Users can now navigate in and out of filters and the legend without getting stuck, and every control meets contrast standards for low vision users.


List View

Before & After List view before and after

What changed

  • Back button added to List view
  • Dedicated Filters button added for sorting and filtering
  • Map text button removed

Why it matters

Navigation is now straightforward and screen reader friendly, with no dead-end states.


Experience Report

Before & After Experience report before and after

What changed

  • New search bar with a labeled form field added
  • Speech dictation enabled within the keyboard

Why it matters

Users who can't type manually can now complete the experience report using their voice.


Notifications

Before & After

What changed

  • EDIT button placement updated
  • UI element colors updated
  • Descriptive copy added to New Location button
  • New Location button repositioned on Android
  • Vibration integrated with Alert sound
  • Accessible deletion and editing flow added

Why it matters

Deaf and hard of hearing users now receive haptic alerts, and all users can manage notifications without ambiguity or confusion.


Safety Page

Before & After Safety page before and after

What changed

  • Descriptive link copy added
  • Accessibility-focused imagery with alt-text added

Why it matters

Screen reader users can now fully navigate the Safety page and access earthquake preparedness information independently.

01

Vibration over Full Audio Customization

Gained

Delivered immediate, high-impact accessibility for deaf and hard-of-hearing users — haptic feedback could ship within the current release without requiring new audio infrastructure.

Cost
  • Full audio customization deferred to a future phase
  • Users relying on audio-only feedback not fully served
  • Solution shaped by engineering constraint, not user need alone
02

Brand Palette vs.
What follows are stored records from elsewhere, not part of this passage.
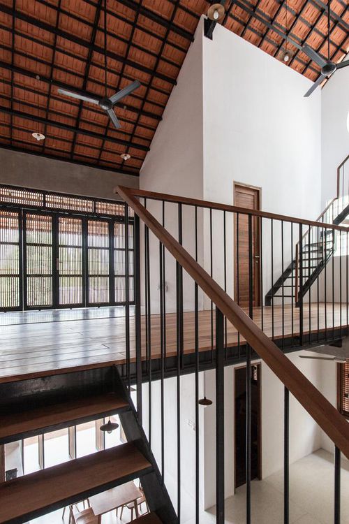 Bằng cách sử dụng hình thức mái dốc của ngôi nhà truyền thống và phòng thông tầng cho phép ánh sáng và gió tràn vào điểm cao nhất của mái nhà.
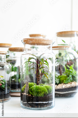 Small decoration plants in a glass bottle/garden terrarium bottle/ forest in a jar. Terrarium jar with piece of forest with self ecosystem. Save the earth concept. Bonsai
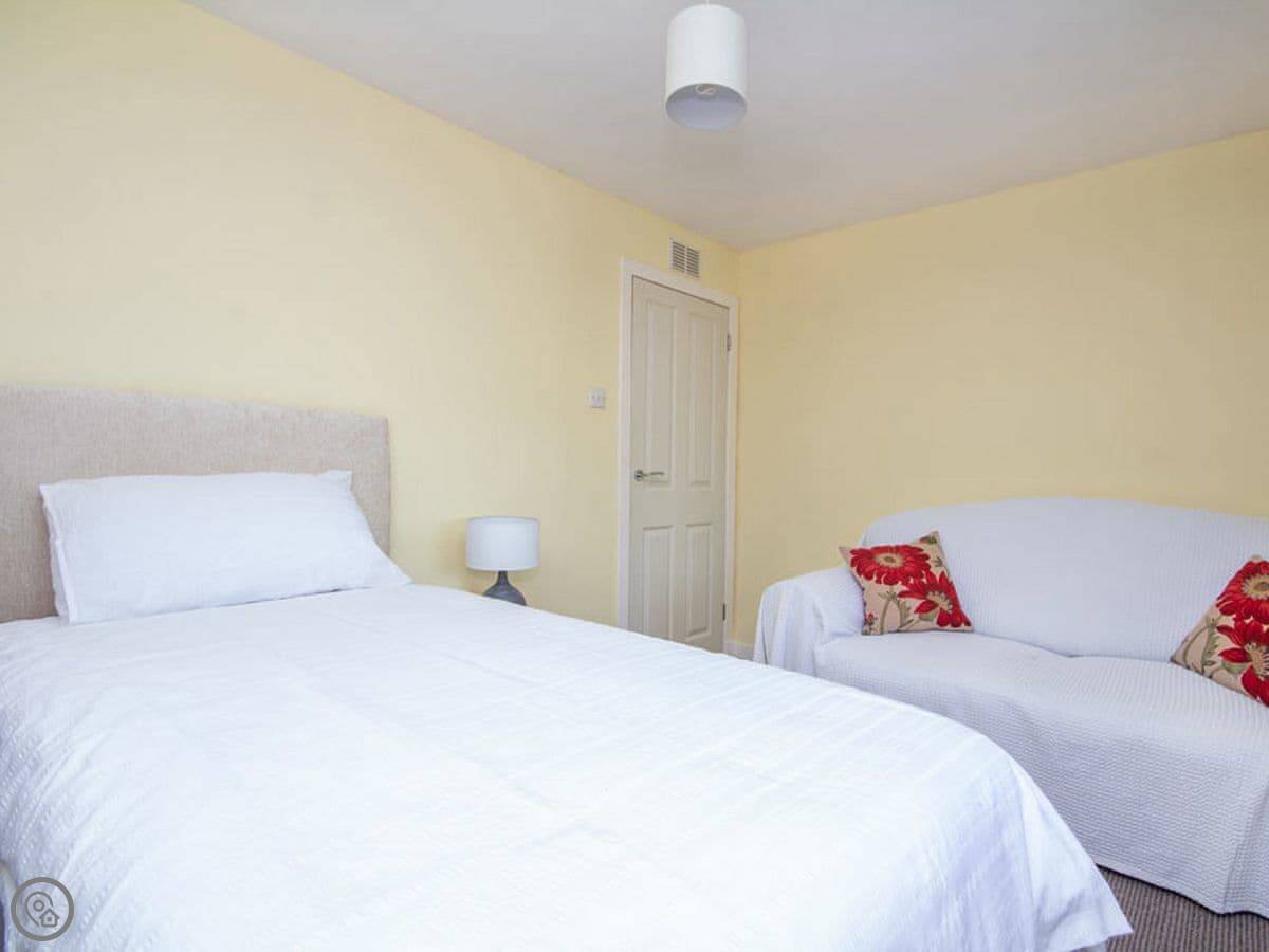 It sleeps five. Three bedrooms, one bathroom with a shower. It's got a 4 Star rating, which feels about right. It's clean, warm, and everything works. The garden is big and enclosed, which is good if you've got kids or a dog. Pets aren't allowed though, sorry.
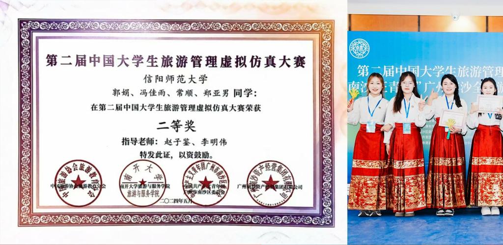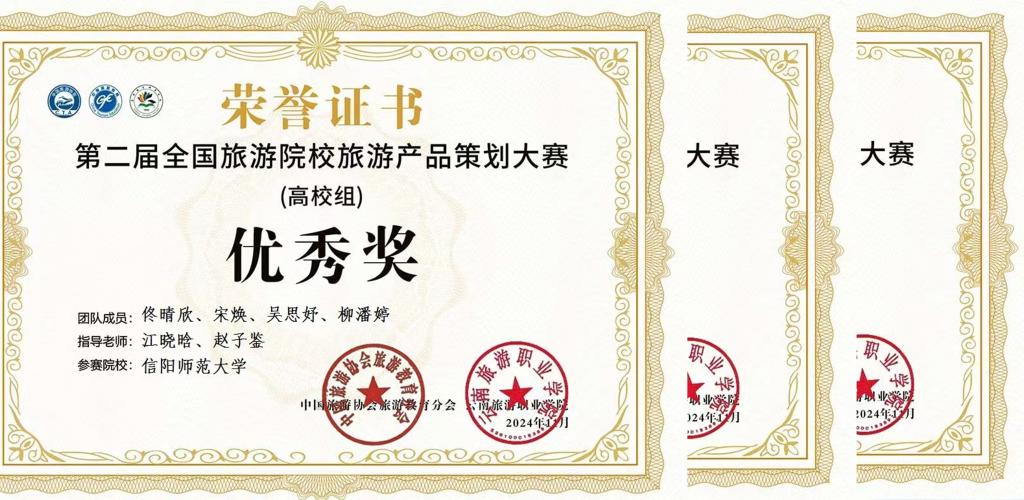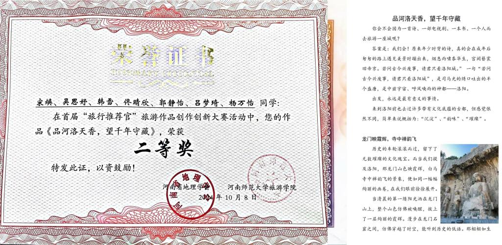 2024年9月,在河南省地理学会、河南师范大学联合举办的首届全国大学生“旅行推荐官”旅游作品创新大赛中,由欧美av 教师赵子鉴指导的宋焕团队(吴思妤、韩雪、佟晴欣、郭静怡、吕梦琦、杨万怡)作品《品河洛天香,望千年守藏》荣获二等奖。
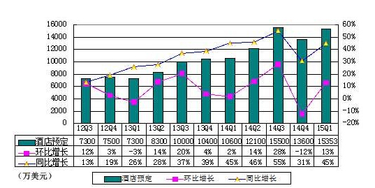 藝龍宣布的2015年Q1季度財報顯示,總營收為人民幣2.258億元人民幣,其中藝龍第一季度來自酒店預訂業(yè)務的營收在總營收中所占比例為84%,高于去年同期的78%。

Accessibility Compliance

Gained

Every user, regardless of vision ability, can read the interface — WCAG contrast requirements met across the board.

Cost
  • Accessible colors are less vibrant than the original palette — the design doesn't look as visually striking as it once did
  • Significant stakeholder pushback because the new colors "didn't look good"
  • Had to build an internal case for why compliance mattered more than aesthetics
03

Specialist Testing over Broad User Testing

Gained

Partnered with a UC Berkeley accessibility specialist for expert-led testing — rigorous, principled feedback even when broader user access wasn't possible.

Cost
  • Testing with one specialist, not many — a single perspective, however expert, can't capture the full range of lived experience
  • Access to a wider pool of differently-abled testers was cut off by COVID timing
  • A gap I'd prioritize closing in a future phase with broader participatory testing
04

VoiceOver before TalkBack

Gained

iOS VoiceOver shipped first, immediately serving the larger portion of the user base with full screen reader support.

Cost
  • Android TalkBack users had no screen reader support until the next phase
  • Sequencing driven by bandwidth, not user need
  • Temporary accessibility gap between platforms

The work isn't done — Phase 3 is ongoing.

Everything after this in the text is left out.